RA: Do you think enough is being done by governments to tackle AMR?
AC: No, I don’t think so. Of the 10 recommendations in Jim O’Neill’s AMR Report (2016)for the UK GOVT, only a minority are progressing fast enough to have a major impact. Jim O’Neill pointed out this lack of progress in 2018 and thinks that his predictions of 10 million deaths per year in 2050 due to AMR may be on the low side if more is not done faster than at present. This is something that I definitely agree with.
RA: Why do you think so many big pharma companies have left the AMR space for developing new therapies?
AC: Most companies favour a focus on more incremental increases in innovation in chronic disease areas, over the more unpredictable leaps needed to keep up with the development of bacterial mutation.
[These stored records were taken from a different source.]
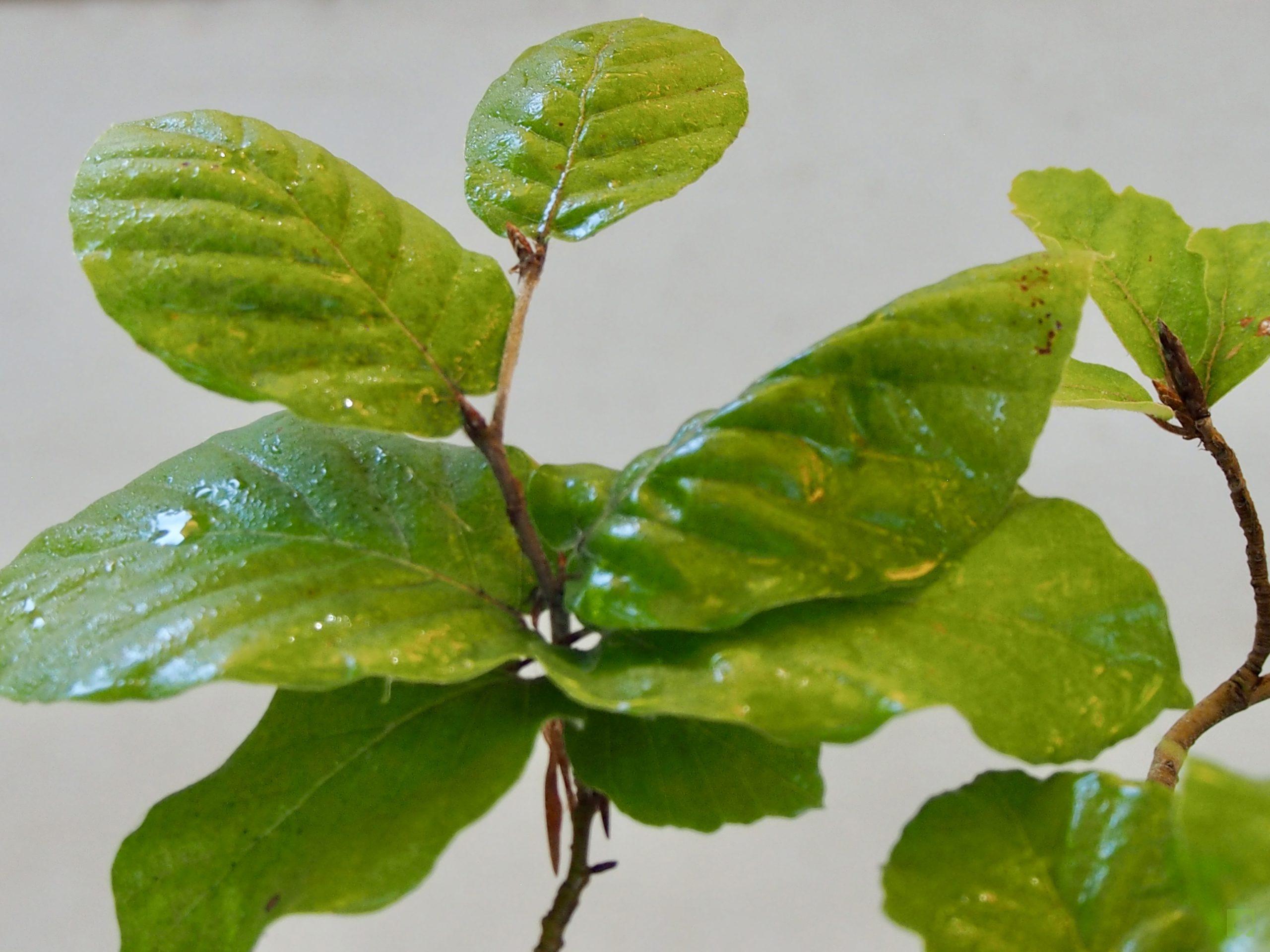 – Las hojas son ovaladas, con el borde ondulado, algo dentado, con vello cuando son jóvenes, incluso en los nervios. Son alternas, dispuestas en dos hileras y pueden tener entre 5-10 cm de largo.
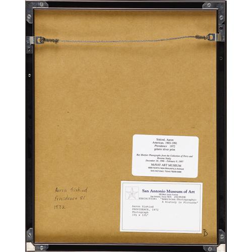 <B>AARON SISKIND</B></I><BR><I>Providence,</B></I> 1972<BR>Gelatin silver print<BR>6 x 6 inches (15.2 x 15.2 cm)<BR>Signed on matte<BR><BR>Provenance:<BR>The Collection of Mrs. Rowena Nadig (San Antonio, Texas)<BR><BR>Exhibition:<BR>McNay Art Museum, San Antonio, Texas, <I>Ray Metzker Photographs from the Collection of Perry and Rowena Nadig: December 10, 1996 - February 9, 1997</B></I>;<BR> San Antonio Museum of Art, San Antonio, Texas, <I>American Photography: A History in Pictures,</B></I> 1994 <B>Condition Report:</B> Normal signs of wear as appropriate with age, photograph is matted and framed<BR><BR><b>Shipping:</b> Requires 3rd Party Shipping (<a target="_blank" href="http://www.heritageauctions.com/common/shipping.php">view shipping information</a>) <BR><BR><B>Important notice:</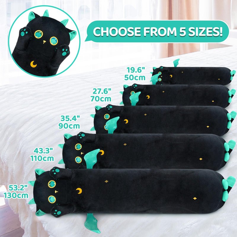 - Multipurpose: This long black cat body pillow provide adults and kids not only a multiple-size hugging pillow, but also the best lumbar body pillow when you sitting on a sofa; And also the most comfortable sleeping pillow for a sweet sleep on the bed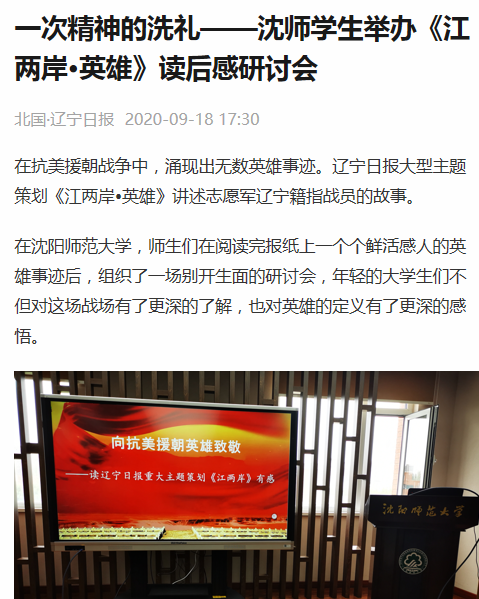 近日,《辽宁日报》策划了大型主题专版《江两岸•英雄》讲述志愿军辽宁籍指战员的故事。学校新闻中心学生记者们在阅读完样报上一个个鲜活感人的英雄事迹后,组织了一场别开生面的研讨会。同学们不但对这场战场有了更深的了解,也对英雄的定义有了更深的感悟。大家纷纷表示,新时代的大学生更应该牢记使命,让青春之花绽放在祖国和人民需要的地方。辽宁日报北国网对本次活动进行报道。
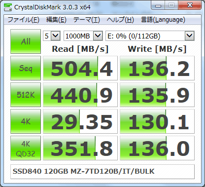 どうせ重要なPCに組み込む予定も無い。現状テスト用に組んだPCにOSを入れるとき、鈍足で古い320GBHDDを何度も何度も使いまわしていたのでそれの置き換えといった感じ。バラックで遊ぶ時もやはり衝撃に強いSSDは安心感がある。だからといってそれ専用に1万円クラスのSSDを出すほどでもないのでこの3000円840はピッタリだ。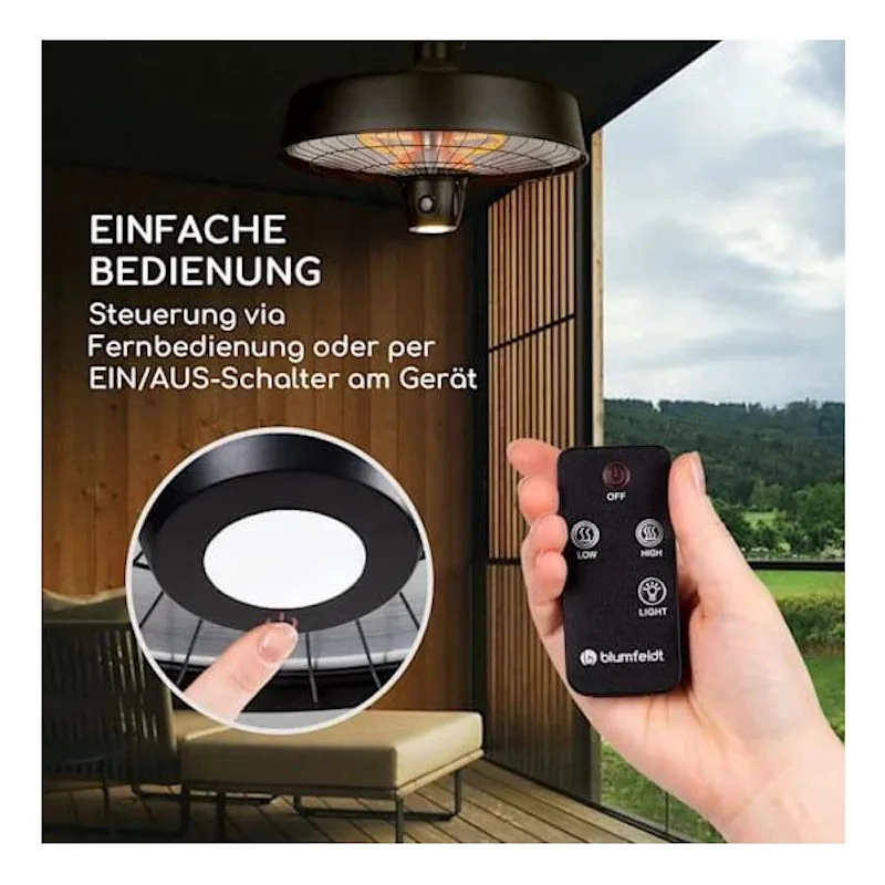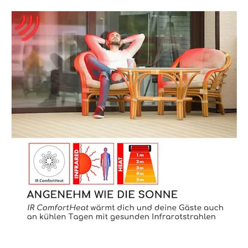 В комплект поставки входит усиленная стальная цепь, при помощи которой можно прикрепить обогреватель Blumfeldt Camden Heat Deluxe к потолку либо к любой горизонтальной перекладине, подвесив его, например, над обеденным столом Вашей террасы или летней площадки. Одним пультом ДУ можно управлять сразу несколькими обогревателями. Blumfeldt Camden Heat Deluxe работает бесшумно и уже через минуту нагревается до рабочей температуры, создавая мягкое и комфортное тепло подобное солнечному. Важной особенностью инфракрасного волнового излучения является то, что оно имеет направленный характер и, в отличие от конвекционного обогрева, нагревает не воздух, а предметы и людей, находящихся в радиусе действия. При этом сквозняки или холодный воздух не сдувают инфракрасные волны и не влияют на интенсивность обогрева. Поэтому во всем мире инфракрасные обогреватели в основном применяются именно в условиях улицы. Инновационные карбоновые нагревательные элементы, которыми оснащены обогреватели Blumfeldt Camden Heat Deluxe, генерируют ик-волны среднего диапазона, и в отличие от галогеновых обогревателей, создают более приятное проникающее тепло, напоминающее тепло от камина. Лампы из карбона имеют КПД - 90% и обладают высокой надежностью - минимальный гарантированный срок их работы – 5 000 часов.

The high risk of creating a new chemical entity deters large pharmaceutical operations. This leaves the fight for antibiotic survival, arguably one of the most urgent fields of drug development, to smaller, more nimble biopharmaceutical companies. Due to these reasons there is a lack of investment for wide spread development of combination therapies. Hopefully the fact that research is very much alive in the benefits of combining existing antibiotics to create new super resistant combination therapies means that there will be more financial support.
RA: Do you agree with the sentiment that the UK is a potential global leader for fighting AMR?
AC: Yes, most definitely. Until 2016, the UK was a world AMR leader. Recently, the country has not maintained this momentum, but has the potential to regain its position as a global AMR leader in the future.
RA: What can the general public do to help and has there been enough awareness raised over AMR?
AC: AMR in common bacteria needs new antibiotics or new antibiotic combinations to save patients’ lives. They need to be well tolerable, safe and if possible, prevent the emergence of resistance. Of course, other strategies also play their part: Irrational use of medicines is a serious global problem, good infection control, publicity about AMR, more effective vaccines, less use of antibiotics in agriculture, fast diagnostic testing, more professionals working in the AMR field, more investment for clinical trials and a much higher unit price. Establishment of national committee to monitor impact of antibiotic resistance and provide intersectoral co-ordination is required. Joint efforts from patients, prescribers and individuals to international regulators and policy makers are needed to fight against the globally spreading antimicrobial resistance. Investing in these combined strategies will keep mankind ahead of antimicrobial resistance and is crucial in order to preserve a world where simple infections do not routinely kill healthy people.
RA: Do you think universities, SMEs and biopharma groups like Helperby are having to take on the brunt of the work surrounding AMR?
AC: Yes. Big pharmaceutical companies have moved out of the field. For example, Novartis moved away in 2018. This leaves universities, SMEs and biopharma companies such as Helperby Therapeutics and other companies to bear the brunt of the work to, for example bring new antibiotics, new antibiotic combinations and new diagnostic tests to the market.